Simplifying workflows in mass spectrometry

Simplifying workflows in mass spectrometry

New mass spectrometry innovations are helping overcome various issues. Acoustic sampling, for example, is enabling thousands of measurements to be made every hour with minimal or no sample preparation.

Mass spectrometry (MS) is a widely used technique for food safety, environmental, pharmaceutical, biological, and forensic investigations where the simultaneous detection of targeted and non-targeted compounds is of pivotal importance. A plethora of analytical MS methods, also coupled to different separation techniques such as gas- and liquid-chromatography and their multidimensional analogues or capillary electrophoresis, have been developed and validated in order to analyze complex matrices. However, despite the rapid evolution from its beginning, the development of online and real-time analytical MS methodologies, especially ambient ionization methods, is strongly demanded to perform high-throughput analysis and to obtain highly informative spectra. In this context, novel materials and instrumental configurations are under study to enhance the performance of different instruments, whereas powerful, high-resolution mass spectrometers are required to univocally identify targeted compounds. Finally, libraries of compounds, including MS-based information, such as accurate mass, isotopic patterns, and collision-induced fragmentation, are strongly demanded together with studies regarding the establishment of recognized analytical performance criteria to assess the occurrence of residues in the environment. Mass spectrometric imaging is another emerging powerful analytical technique that can be applied to perform analyses of multiple molecules in complex samples without labeling, thus providing a distinct advantage over preexisting methods for label-free and simultaneous detection of drugs and metabolites.

Technology trends

While the traditional coupling of MS with liquid chromatography (LC) and gas chromatography (GC) continues to be a robust method, technological advances have seen the rise of other techniques, such as matrix-assisted laser desorption (MALDI), being directly coupled with MS, making it adept for even more applications. For example, the latest MS technologies can simultaneously analyze many features in one cell, which could help researchers discover novel targets with the potential for translation into new therapies. Today, biotherapeutic products account for a growing proportion of new drug approvals. Increased focus on the development of much larger, more complex therapeutics, such as monoclonal antibodies, fusion proteins, and antibody-drug conjugates, has placed new demands on mass spectrometry. While small-molecule drugs can easily be analyzed on a system with a mass range of 1250 Dalton (Da), the analysis of higher-order structures, such as peptides, proteins, and oligonucleotides, can require the visualization of ions from the 2000-Da to the tens of thousands of Da range.

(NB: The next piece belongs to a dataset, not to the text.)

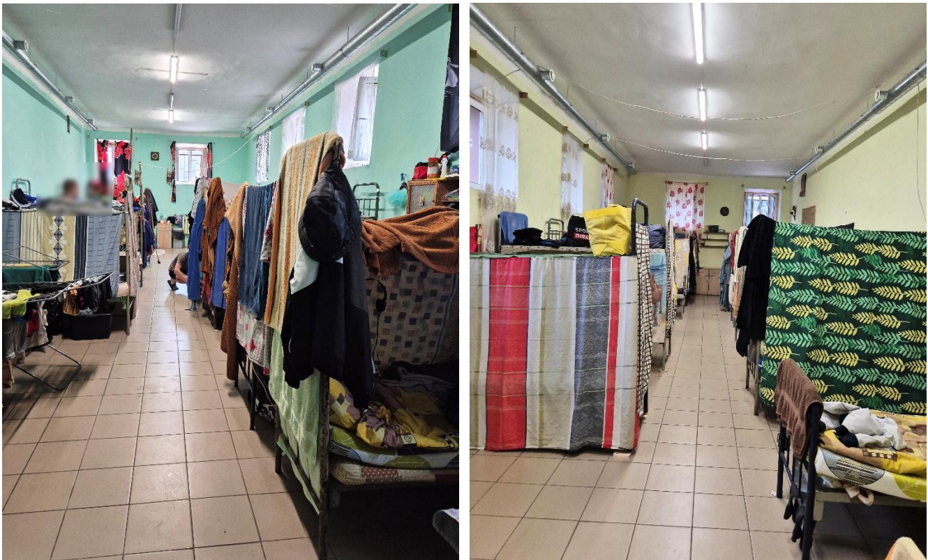
1 pav. Bendrabučio tipo gyvenamosios patalpos (sekcijos) Marijampolės kalėjime.

2.1.2. Alytaus ir Marijampolės kalėjimuose nuteistieji skundėsi blakių paplitimu bendrabučio tipo patalpose, kuriuose buvo medinės grindys. Vienas nuteistasis Alytaus kalėjime interviu

This increased molecular complexity means that much greater instrument resolution is required to confidently elucidate atomic-level structure and function. Where a single or triple-quadrupole mass spectrometer offering unit-mass resolution may be sufficient for early metabolite, impurity, and degradant screening, high-resolution accurate mass (HRAM) has become increasingly important for the analysis of large biotherapeutics and protein complexes.

The evolution of mass analyzers to acquire high-resolution data at high-mass ranges, in time frames amenable to coupling with ultra-high-performance LC (UHPLC) has been incredibly important for drug discovery efforts. The commercialization of mass spectrometers with high mass, high-resolving capabilities has undoubtedly opened new avenues in the study of protein drugs and their targets. Historically the coupling of these techniques was only possible via offline LC separations from which fractions were collected for subsequent static nanospray HRAM MS analysis. Through direct combination of native protein chromatographic separations and HRAM detection, researchers now have at their disposal the possibility of automated, high-throughput native intact mass analysis of complex therapeutics and drug targets/complexes.

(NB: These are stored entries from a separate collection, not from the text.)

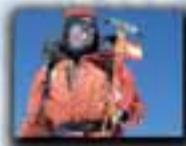
Makalu (8.463 metros) Año 2008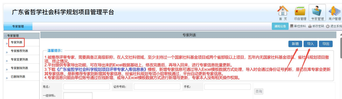
〈推荐新专家入库示意图 2〉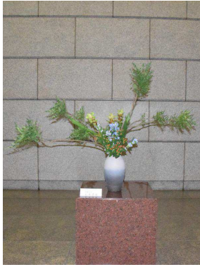
ルクマ草、りんどう(絞り)、ヒペリカム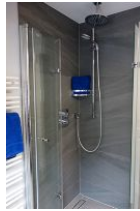
...die Duschkabine mit Echtglaswänden und Bodenablauf.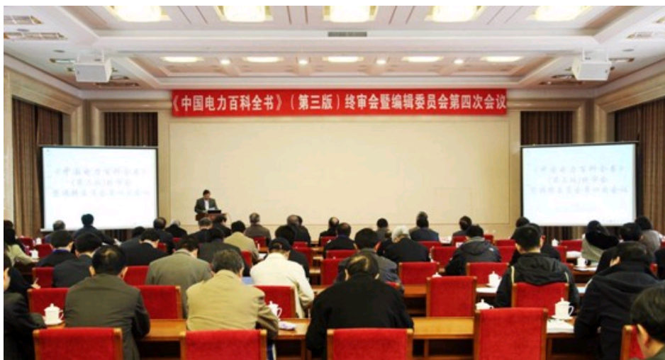
《电百》三版终审会暨编辑委员会第四次会议会场

2013年4月26至28日，《中国电力百科全书》（第三版）（简称《电百》三版）终审会暨编辑委员会第四次会议在北京召开。近150位来自电力行业各领域的顶级专家、学者参加了会议。终审会如期召开，《电百》三版进入终审阶段，标志着修编工作已经接近尾声。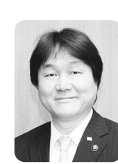
稲城市長 高橋 勝浩

そして次に多く寄せられましたのは、昨年の東日本大震災を受け、防災関係のご意見。ご要望でした。今年度の当初予算に計上した事業につきましては、着実に年度内に執行できるような努力するとともに、次年度以降も、防災面強化を図ってまいります。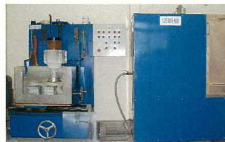
コア切断・研磨機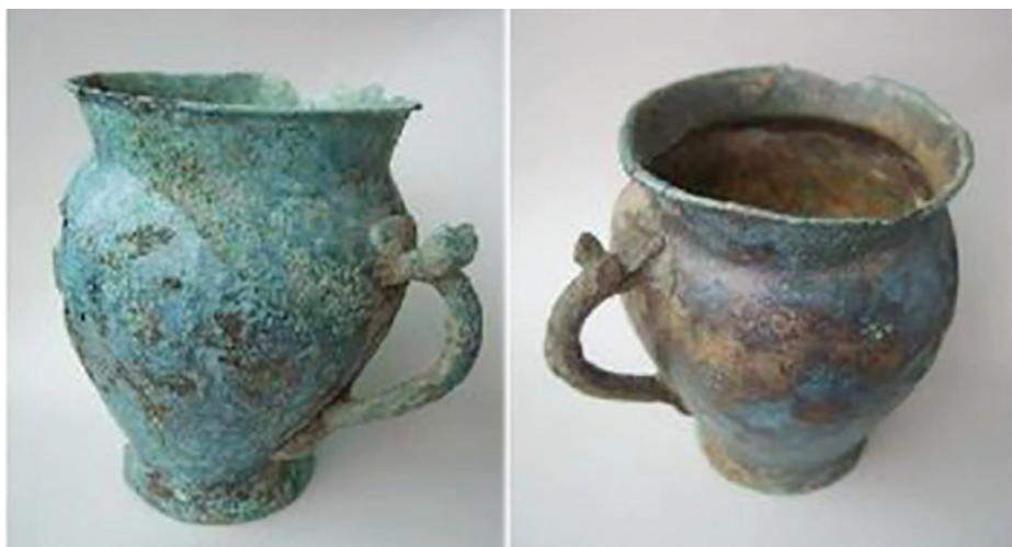
Фото 1 / Photo 1. Бронзовые кружки-кубки кобанской культуры / Bronze cups-cups of Koban culture

While advances in mass range and resolution are generating ever more powerful insights, sample preparation is still a major challenge, especially for bioanalysis applications. Currently, many MS workflows rely on expert users to prepare samples, which can be the rate-limiting step in many drug discovery workflows.

Although there are kits available that can reduce preparation time for some samples from days to hours, introducing new ways of working that simplify or bypass these complex processes is still a key priority for many developers of MS products.

New MS innovations are helping to overcome this issue. Acoustic sampling, for example, is enabling thousands of measurements to be made every hour with minimal to no sample preparation. As a result, this is allowing high-throughput screens or activity assays to be developed. Moreover, the implementation of direct MS analysis, based on ambient ionization techniques, such as direct analysis in real time (DART) and desorption electrospray ionization (DESI), is further simplifying bioanalysis workflows. Because these techniques can operate in the open-laboratory environment, they do not require sample pre-treatment steps – streamlining workflows and enabling researchers to collect more data, faster.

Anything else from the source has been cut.